In my opinion, this situation is unethical for many reasons. People may argue that since Wal-Mart was paying for the insurance, then it should rightfully be able to reap all the benefits. I think that this is wrong in many ways. Firstly, Wal-Mart did it without the consent of Michael Rice. The company should be required to acquire consent from the employee, because it is using the employee’s name and right to take out the insurance. Even though Rice was not hurt from Wal-Mart taking out the insurance policy, he should still have the ability to give consent for it.
Moreover, since Wal-Mart is using Michael Rice’s name, his family should be able to reap some of the benefits of the policy. Before Rice passed away, he should have been given some of the other benefits from the insurance policy and after he died, his family should have received some of the money.
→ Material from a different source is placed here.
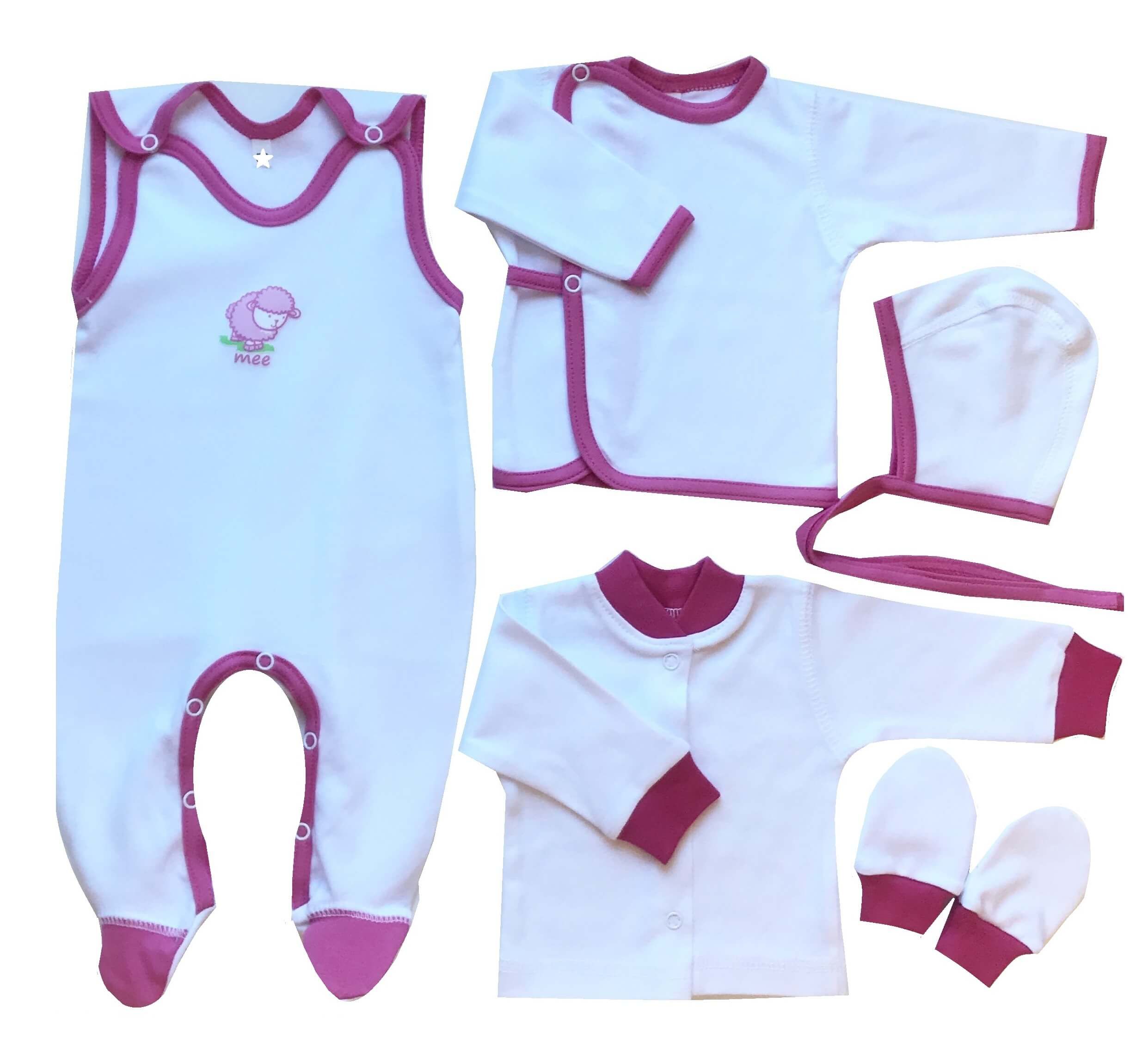 Šliaužtinukai, marškinėliai, švarkelis - tai yra patys pirmiausi naujagimio drabužėliai. Šliaužtinukai visai nevaržo kūdikio judesių, patikimai prilaiko marškinėlius, laiko nugarą ir kojytes šilumoje. Komplektą sudaro taipogi pirštinytės, kurios apsaugos mažylį nuo apsidraskimo. Drabužėliai yra pasiūti iš kokybiškos trikotažinės medžiagos, malonios prisilietimui ir nedirgina net pačios jautriausios ir švelniausios kūdikio odelės.
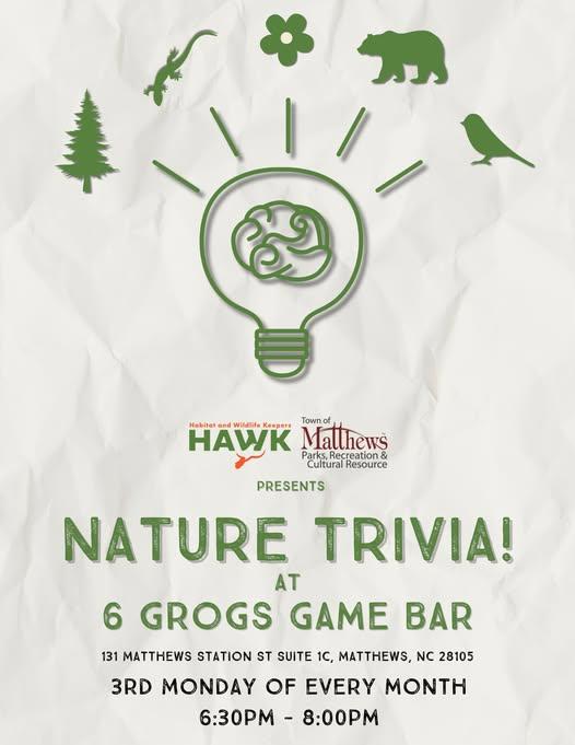 Are you a nature enthusiast or just love a good challenge? Come test your knowledge at our Nature Trivia Night held at 6 Grogs Game Bar on the third Monday of each month from 6:30 pm to 8 pm!

Like Sandel said, for Wal-Mart, Michael Rice seemed to be more valuable dead than alive, so Wal-Mart should not be able to put Rice in that position. If some of the insurance money, like 40 to 50 percent, went to the Rice family, then this situation would seem more ethical.
I think there are a few ways to fix this ethical issue. Firstly, the government should require consent from the employee if the company wants to take out a policy on that employee. Another way is to make sure the family benefits from the policy as well. Without the employee, the company does not have the ability to take out the insurance policy, so the family of the employee should be rewarded the money. The family should be rewarded enough money so that the employee is worth more alive than dead, because then the company might have ulterior motives.